Dealing with complexity at scale without impacting team agility is the main strategic challenge faced by architects and program managers of large API portfolios.
In this post we will describe API Federation, an architectural pattern that can help deal with these problems. We will also describe how DataGraph, a new product by MuleSoft, can help API teams to introduce API federation in their organizations using GraphQL as the technology used to expose the federated API.
So what is API Federation anyway?
In a nutshell, API Federation is the set of design principles, tools, and infrastructure that make it possible to expose a set of services and event streams within a particular bounded context as a unified and consistent API for external customers, while allowing individual services within the bounded context to evolve and change without additional restrictions.
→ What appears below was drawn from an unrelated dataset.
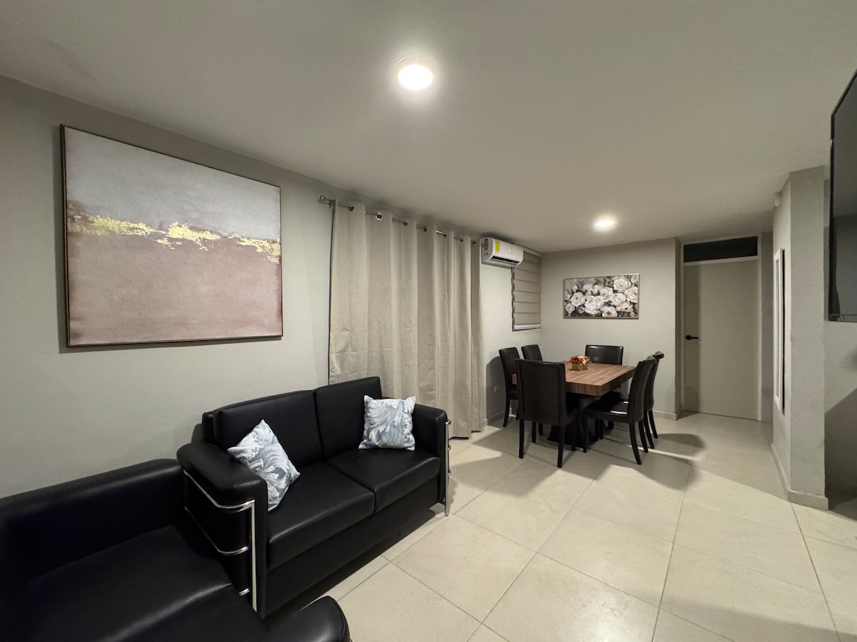 Hermoso departamento de ambiente familiar con estilo moderno y acogedor! excelente opción para descansar y disfrutar. Equipado al 100%, ropa de cama, almohadas y colchones de alta gama para ofrecer el máximo confort y descanso. Cuenta con cocina completa, estufa, horno, refrigerador, microondas, licuadora. Excelente ubicación frente a zona industrial y estudiantil. Cerca de importantes centros comerciales, a 20 min del aeropuerto, a 8 km de Parque Fundidora, Cintermex y zona centro de Monterrey.
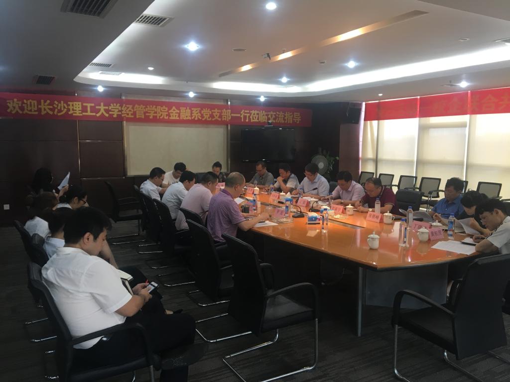 2018718下午,经管学院党委书记王宏、联系支部的副院长彭新宇、金融系支部书记杨密带领金融系党支部全体党员,前往南粤银行湖南省分行开展“校企联合、支部共建”的主题党日活动,共同探讨构建校企联合支部共建的长效机制,以及基于此机制的金融特色人才培养与金融业态创新发展的问题交流。

Before diving into the details of the API Federation pattern, let’s state upfront what API Federation is not about:
API Federation is not about creating a single unified canonical model. Canonical models spanning full organizations don’t work. At best they become failed projects due to the inability of the teams to match the supposed ‘canonical’ schema designed by a centralized team alien to their day-to-day necessities and business requirements, at worst they can freeze an organization to slowly crumble due to semantic inconsistencies and inability to evolve.API Federation is not about GraphQL. To be precise, it does not require the use of GraphQL. GraphQL is a great way of querying APIs and provides a powerful mechanism to describe the schema of a service but is not necessarily the best way of designing and building all your APIs. Federation can work without GraphQL and is a perfect match for REST APIs. In fact, decentralization is at the core of web architecture, and the Linked Data movement has been exposing similar ideas for a long time.
So having clarified these points, let’s focus on describing the main aspects of the API Federation pattern.
1. Bounded context and common model
The first step towards federation is dividing your API landscape into bounded contexts.
The notion of bounded context here is taken directly from the ideas about domain driven design (DDD) introduced by Eric Evans in his seminal “Domain-Driven Design” book.
By bounded context, we designate a set of services and event streams that consistently expose a set of shared common concepts. This idea is very similar to the concept of “cluster of codesigned services” introduced by Evans when revisiting the notion of bounded context from the micro-services point of view.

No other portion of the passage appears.